Вечером я играл с Ксюшей, она уже научилась уверенно сидеть, и мы расположились с ней на полу на расстеленном большом ватном одеяле. Мне была поставлена задача – следить, чтобы сестра не уползала с одеяла и не собирала по углам дохлых тараканов, тем более не тащила их в рот. Я неплохо справлялся с своими обязанностями, прислушиваясь к разговору на кухне:

– Ты знаешь, нам этих денег не хватает, мы с трудом укладываемся в эту сумму, – мама держала перед собой тонко сложенные пополам купюры.

– Просто ты не умеешь планировать расходы, покупаешь всякую ерунду.

– Да ничего подобного. Одни памперсы, да ксюшины каши чего только стоят.

– Но и я не могу работать по 48 часов в сутки. Это – все наши деньги. Даже если бы я и хотел дать вам больше, то их просто нет… Будь поэкономней, не балуй ни детей, ни себя.

– Да чем же я их балую… а себя-то чем?

Этой ночью я почти не спал. Ксюша заболела и плакала, не переставая. Не выспавшись, я ушёл учиться, потом на тренировку, а когда вернулся вечером домой, мама была сама не своя:

– Макс, я все деньги потратила на лекарства. Может быть я и не права, но я купила самое дорогое. В аптеке сказали, что это самое лучшее. Ну не могла же я экономить на здоровье ребёнка!.. И вот, что у меня осталось, – мама вытряхнула из кармана на стол мелочь.

– Давай посчитаем, – начал я двигать монеты. – Каша у Ксюши есть?

– Каша есть, слава богу.

– Памперсы?

– Обойдёмся без них.

– Значит только на молоко. Сколько?

– Два пакета по 17 рублей.

– 34 рубля – есть, – сказал я, отодвигая нужную сумму. – Ролтон на 6 дней по 2—20 тебе и мне, – я помедлил, считая в уме, – 26—40, есть.

На столе у меня остались еще несколько монет.

– Вот еще на буханку хлеба хватит. Всего-то неделю продержаться, – успокаивал я маму.

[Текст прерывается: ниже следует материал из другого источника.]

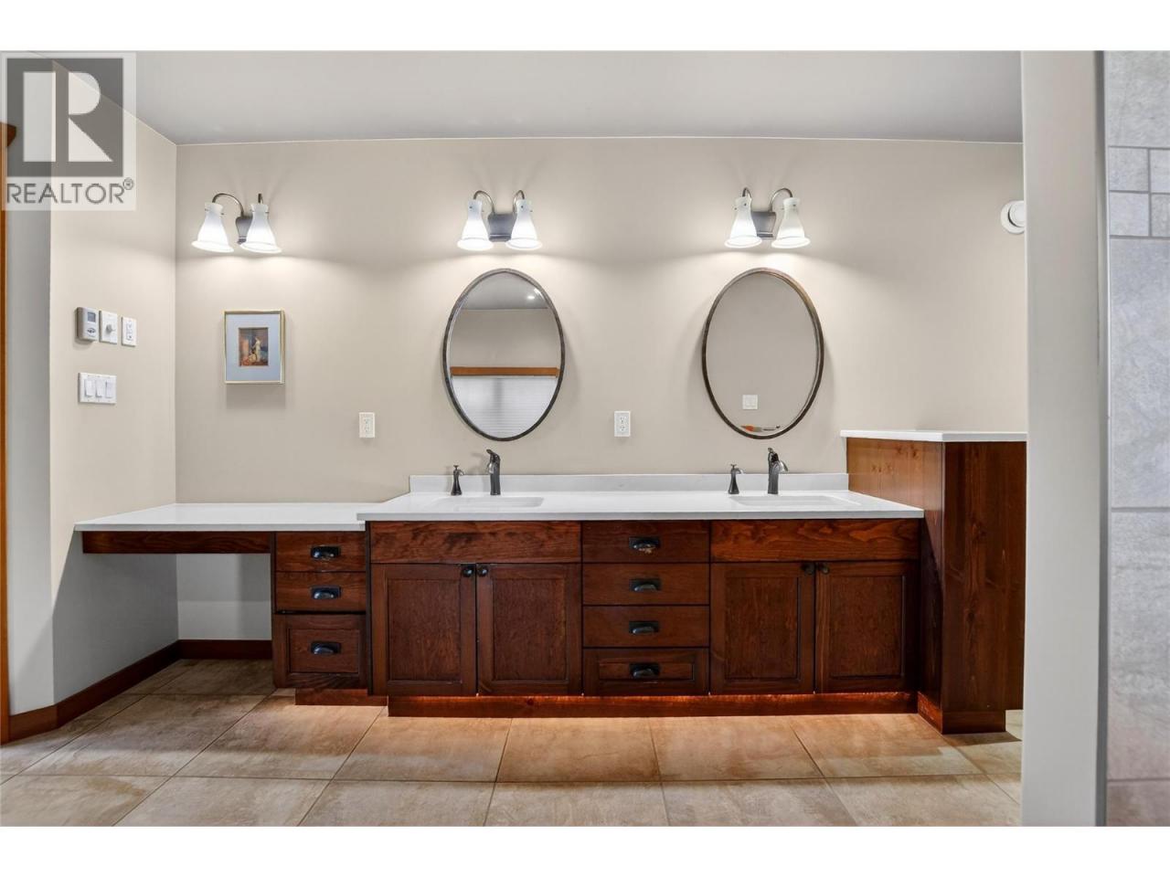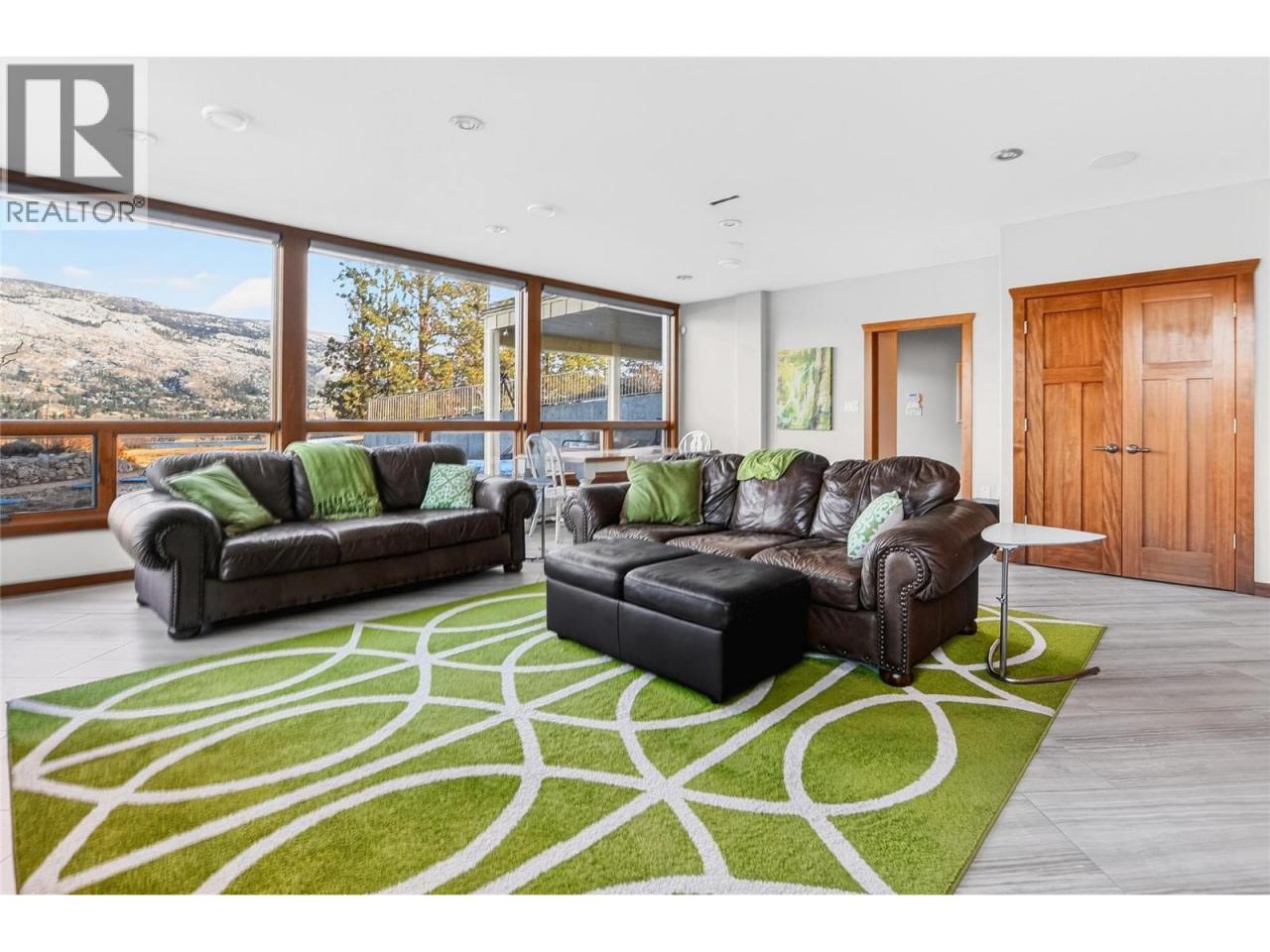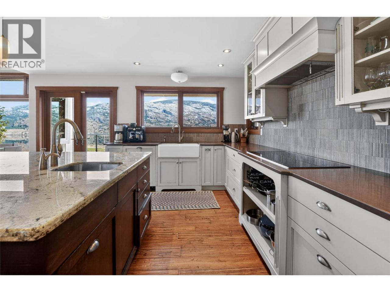Set above Skaha Lake in Kaleden, next to the KVR Trail, this custom home is one of those properties people slow down to admire. It offers 7,000 sqft of living space w/ 5 baths, 4 bedrms plus an additional 2 bedrms set up in the flex room on the main floor & the loft. With almost 2.5 acres, it has space to add features like a pool & a pool house. The covered front porch w/ its barrel-style ceiling flows right into the foyer. In the great room, the timber mantle & stone fireplace anchor the space, while the fir trim throughout adds elegance & shows that no expense was spared in building this home. The kitchen w/ a massive granite-topped island, Miele appliances, banquette seating, & direct access to the concrete stamped deck w/ glass railing for unobstructed views of nature. The primary suite is a retreat with french doors to a private sitting area, a two-way fireplace, and renovated ensuite with a soaker tub. The loft is the perfect space for a bedroom or home office/art studio. The lower lvl adds a full kitchen, media room, games area, 3 bedrms & storage. Excellent opportunity for a short-term rental set up. The detached 4-bay garage is a dream for hobbies, cars or toys. ICF construction, geo-thermal, stamped concrete with radiant floor on all 3 lvls. Step-free access on the main floor, wider interior hallways, and direct access to the backyard path, which leads to a magical viewpoint, add comfort and flexibility for new homeowners to age in place. (id:6769)

Ксюша выздоравливала тяжело и медленно. Спать из-за насморка она не могла, поэтому все ночи – у мамы на руках. Как не открою глаза, Ксюша стоит на подоконнике, поддерживаемая под руки, слегка то ли подпрыгивает, то ли приседает. Окна наши выходили на улицу, так что можно было всю ночь наблюдать проезжающие мимо машины и припозднившихся прохожих. Так утомительно тянулась эта длинная неделя. Мы старались лишний раз не заходить на пустую кухню, чтобы не вспоминать о еде. А в пятницу рано—рано утром мне приснился запах колбасы, я подумал, что начались галлюцинации. Но я проснулся, а аромат остался. Я пулей вылетел на кухню в одних трусах:

– Дед! Откуда ты здесь, да еще так рано?

А сам смотрю на стол – картошка, морковь, масло, хлеб, а где же колбаса?

– Как ты узнал, что нам тут туго? – допытывался я, жуя вожделенный бутерброд.

– Да ничего я не знал.

– Мам, ну чего ты плачешь-то?

– Я не плачу, – мама смахнула слезу. – Только я никогда не думала, что самое страшное для матери не знать, чем накормить ребёнка.


И вот мне уже 14. Наш поезд подошёл на родной вокзал, и я еще издали в окно увидел знакомую фигуру матери чуть в стороне от толпы встречающих, а рядом Ксюшу, ни минуты не стоящую спокойно. Так и скачет от нетерпения на месте. Нет, я в свои четыре года всё же был поспокойнее, как сейчас помню.

– Ну что, мать, – начал с хорошей новости отец, – сына твоего приняли в московское Динамо! Для обучения – это один из клубов самого высокого уровня! Так что собирай манатки, перебираемся в столицу. Мы и квартиру уже присмотрели, правда, на самой окраине.

– Я даже боюсь спрашивать, сколько стоит эта ваши квартира.

– Вот и не спрашивай. А что нам цена? Ксюша в детский сад пойдёт, тебе, опытному кадровику со знанием языка, работу найти – раз плюнуть. Хорошие деньги будешь зарабатывать!

– Такая же, небось, страшная, как в Чепецке.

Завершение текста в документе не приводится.